Trotz der derzeitigen Uhren-Absatzflaute gibt sich Traxler optimistisch. «Kleinere Uhrenmarken sind jeweils weniger stark als die grossen Player betroffen.» Es gebe auch in schwierigen Zeiten Marktlücken für die kleineren Uhrenfabrikanten. Im laufenden Jahr will Traxler nicht nur die Kosten senken, sondern auch den Absatz ankurbeln. Zahlen will er aber keine nennen. Im vergangenen Jahr hat Eterna nach eigenen Angaben rund 18 000 Uhren verkauft.
Die Distribution beider Marken werde in gewissen Ländern zusammengelegt. Erste Erfahrungen in Spanien seien sehr positiv. Auch im Vertrieb will Eterna neue Wege gehen. «Künftig verkaufen wir die Uhren in Deutschland, Spanien und Italien über den Online-Händler Amazon», sagt Traxler. Es gebe zwei Kundentypen; sie kaufen die Uhr im Fachgeschäft oder bestellen sie online. «Das ist eine Realität.» Amazon sei dafür der beste Vertriebskanal mit der grössten Erfahrung. Wichtig sei, dass der Online-Kunde nicht bevorzugt werde. «Er bezahlt genau gleich viel für die Eterna-Uhr wie im Fachgeschäft.»
Künftig will sich Eterna auf die Märkte Europa sowie Nord- und Südamerika konzentrieren.
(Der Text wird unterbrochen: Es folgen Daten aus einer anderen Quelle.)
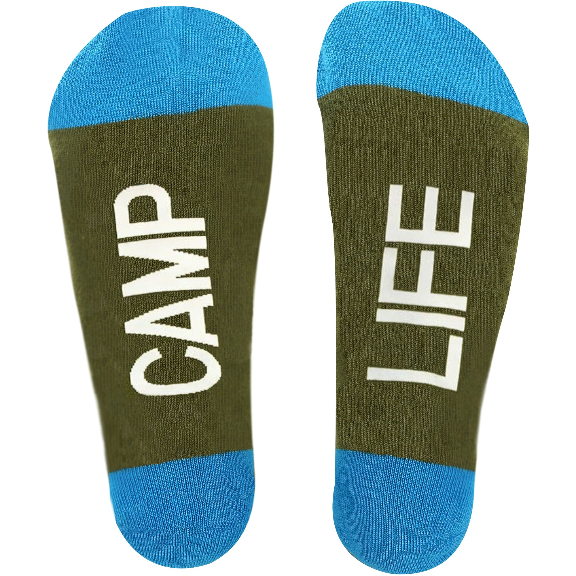 - IN-HOUSE DESIGN: "Camp Life" text is sewn into the base of the socks which feature a camper and tent pattern.

Die beiden wichtigsten Märkte seien Deutschland und die Schweiz mit rund 30 Prozent. Obwohl die Eigentümer in China beheimatet sind, habe das Riesenland vorerst keine Priorität. «China ist ein sehr, sehr schwieriger Markt.» Angepeilt werden soll ferner eine jüngere Kundschaft. Traxler nennt die an der Baselworld präsentierten vergleichsweise günstigeren Modelle der Kontiki-Reihe. Die klassischen Uhren würden aber beibehalten.